Definition
The three-dimensional area of airspace surrounding a ground-based navigation aid (such as a VOR or DME) within which an aircraft's avionics can reliably receive a usable signal. Reception volume is bounded by the station's signal range, which varies with the aircraft's altitude and distance from the station, and is defined by the facility's published service volume and line-of-sight limitations.
Plain English
The chunk of sky around a ground navigation station where your aircraft is close enough and high enough to pick up a clean, usable signal.
Context Anchor
Seen in VOR/DME RNAV discussions, especially when explaining why position information can become unreliable if the aircraft is too far away, too low, or blocked from the station’s signal.
Derivation
Reception' comes from Latin recipere, 'to receive' — in this case, receiving the radio signal. 'Volume' here means a three-dimensional space, not loudness. So 'reception volume' literally means 'the space within which the signal can be received.'
Why Pilots Care
Leaving the reception volume causes navigation errors or complete loss of RNAV guidance, requiring pilots to cross-check position by other means.
Analogy
Think of it like the coverage area of an FM radio station.
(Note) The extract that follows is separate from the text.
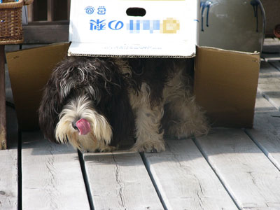 2:エディがおもちゃ(最近はサザエのカラ)をとりに行ってる隙に、裏口から家の中へ。
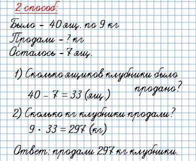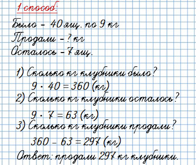 1) 40 - 7 = 33 (ящ.) - клубники продали

Close enough and in the clear, the sound is usable; too far away or blocked by terrain, the signal fades or breaks up.
Intuition Check
Do not read volume as sound level here. In this term, volume means the three-dimensional space where the navigation signal can be received and used.
Example Sentence 1
As the aircraft descended below 3,000 feet, it dropped out of the VOR's reception volume and the navigation flag appeared.
Example Sentence 2
RNAV course guidance became erratic once the flight departed the published reception volume of the reference station.